How to Create Skills in Luma

June 14, 2026

How to Create, Lock, and Test a Skill

There is no single correct way to make a Skill.

You can create one from a prompt, a chat instruction, a finished output, a whole board process, a workflow document, a successful experiment, or an existing Skill you want to customize. The best creation method depends on where your workflow starts.

Sometimes you already know the workflow and want to define it from scratch. Sometimes you discover the workflow by accident after a great result. Sometimes the workflow is spread across a board, with prompts, inputs, intermediate steps, and final outputs all showing how the process works.

Luma Skills are designed to capture all of those cases.

The goal is always the same: turn a useful creative process into a repeatable workflow that can be tested, refined, saved, and reused.
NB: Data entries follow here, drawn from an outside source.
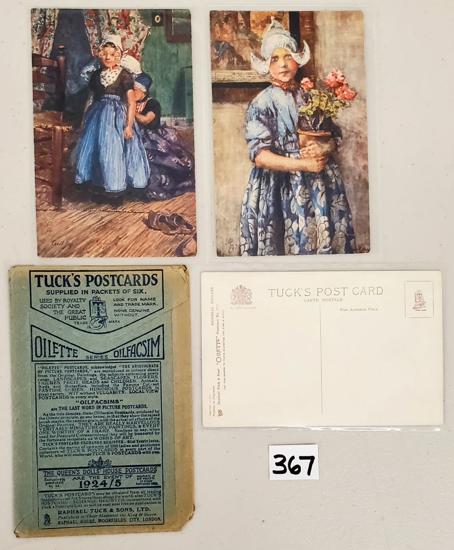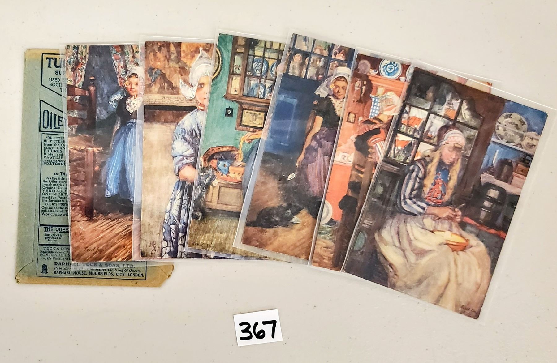 Set of 6 Tuck Pictorial Holland Lady Postcards & Wrapper.
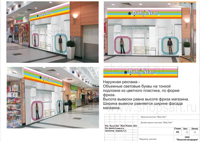 Дизайн помещения магазина «Baby Star», разработан на основе выбранного стиля компании, с использованием приемов и решений, выгодно преподносящих покупателю детскую одежду.
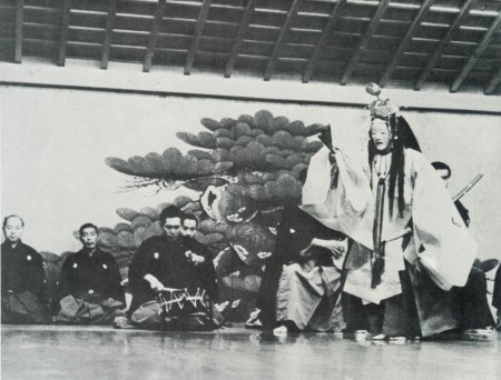 Naohi (right, front) performing noh drama
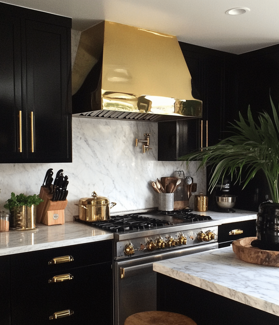 The black cabinets with gold hardware look so stylish, and the shiny gold range hood adds a glamorous touch.

The main ways to create a Skill

There is no single correct way to make a Skill. Luma supports several paths, depending on where the workflow starts.

1. Create a Skill from a prompt text box

You can write a prompt directly on the board as a text asset.

Once the prompt exists as an asset, select it and ask the agent to turn it into a Skill.

This is useful when you already know the workflow you want, but you have not run it yet. It lets you draft the process first, then convert it into a reusable tool.

Example:

Turn this into a Skill.

Use this when your workflow is already described clearly in text.

2. Create a Skill from a plain chat instruction

You can also create a Skill directly from chat.

For example:

Create a Skill that repaints any object in a matte color.

Luma will turn that request into a structured Skill. This is often the fastest way to start when you know the outcome you want but do not need to base it on an existing output.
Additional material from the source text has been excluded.